*Brief*. I would like the lines below, from the one with "Вторая очередная сессия" through the one with "Popwise stond afgelopen", copied exactly and without any pictures.

*The records*.
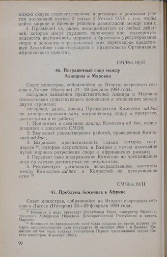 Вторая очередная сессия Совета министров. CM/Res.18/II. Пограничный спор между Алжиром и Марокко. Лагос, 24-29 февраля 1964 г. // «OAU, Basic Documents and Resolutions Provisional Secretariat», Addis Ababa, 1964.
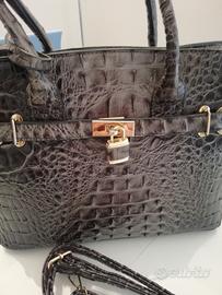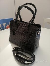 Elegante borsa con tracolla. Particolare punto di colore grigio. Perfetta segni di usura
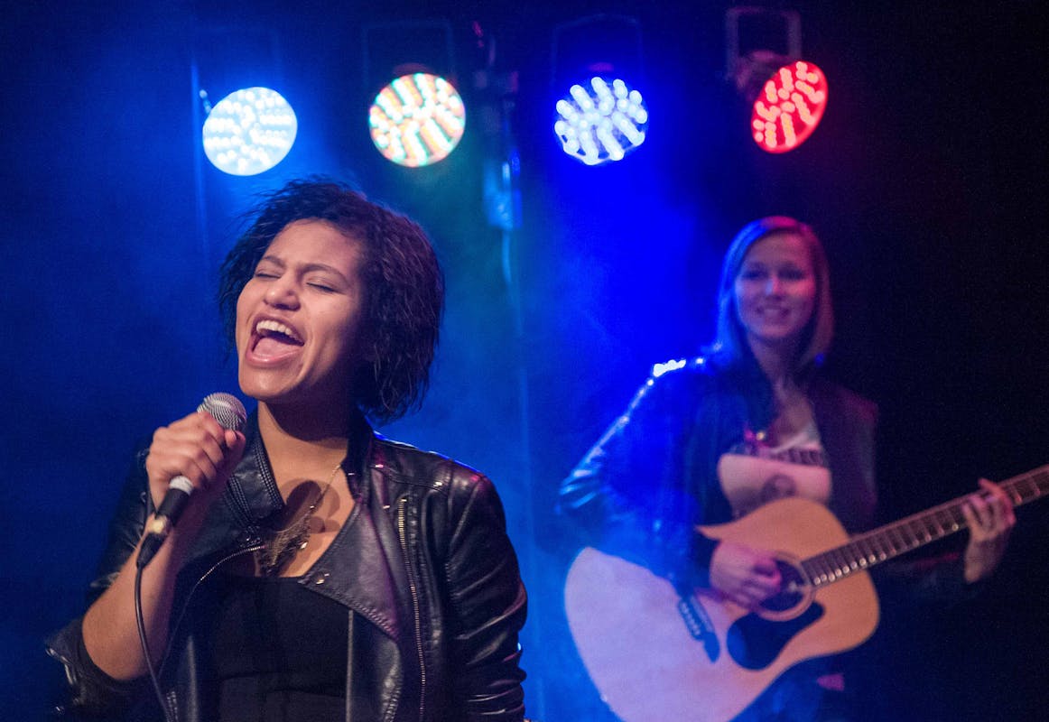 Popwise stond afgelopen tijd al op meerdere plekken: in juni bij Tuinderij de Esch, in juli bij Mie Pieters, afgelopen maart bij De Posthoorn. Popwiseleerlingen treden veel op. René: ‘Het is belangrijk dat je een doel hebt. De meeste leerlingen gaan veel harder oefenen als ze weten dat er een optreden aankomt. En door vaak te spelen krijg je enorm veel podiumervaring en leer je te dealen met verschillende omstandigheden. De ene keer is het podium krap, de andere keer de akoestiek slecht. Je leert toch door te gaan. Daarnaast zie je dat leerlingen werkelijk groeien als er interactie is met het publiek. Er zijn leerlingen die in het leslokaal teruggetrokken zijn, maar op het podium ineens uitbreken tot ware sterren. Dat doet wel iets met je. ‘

---

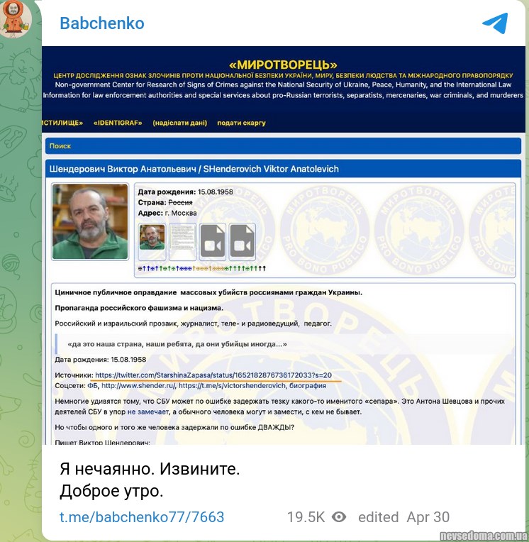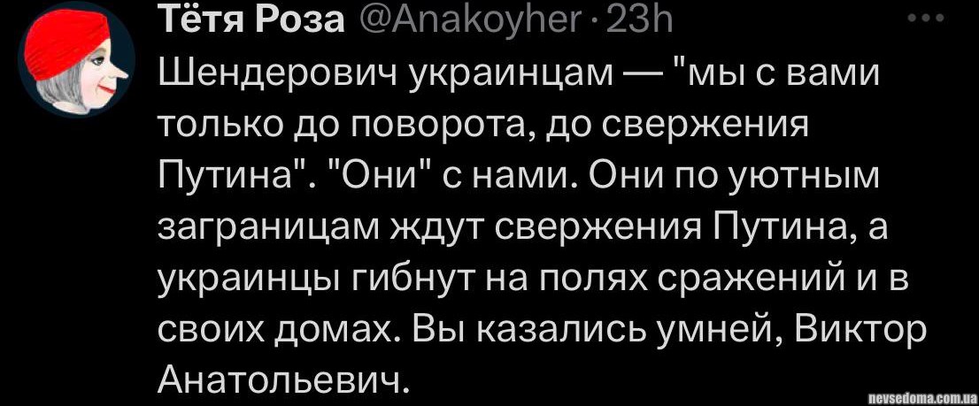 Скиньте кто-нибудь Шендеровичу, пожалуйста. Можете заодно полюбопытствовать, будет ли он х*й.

*Written solution*.
 Вторая очередная сессия Совета министров. CM/Res.18/II. Пограничный спор между Алжиром и Марокко. Лагос, 24-29 февраля 1964 г. // «OAU, Basic Documents and Resolutions Provisional Secretariat», Addis Ababa, 1964.
 Elegante borsa con tracolla. Particolare punto di colore grigio. Perfetta segni di usura
 Popwise stond afgelopen tijd al op meerdere plekken: in juni bij Tuinderij de Esch, in juli bij Mie Pieters, afgelopen maart bij De Posthoorn. Popwiseleerlingen treden veel op. René: ‘Het is belangrijk dat je een doel hebt. De meeste leerlingen gaan veel harder oefenen als ze weten dat er een optreden aankomt. En door vaak te spelen krijg je enorm veel podiumervaring en leer je te dealen met verschillende omstandigheden. De ene keer is het podium krap, de andere keer de akoestiek slecht. Je leert toch door te gaan. Daarnaast zie je dat leerlingen werkelijk groeien als er interactie is met het publiek. Er zijn leerlingen die in het leslokaal teruggetrokken zijn, maar op het podium ineens uitbreken tot ware sterren. Dat doet wel iets met je. ‘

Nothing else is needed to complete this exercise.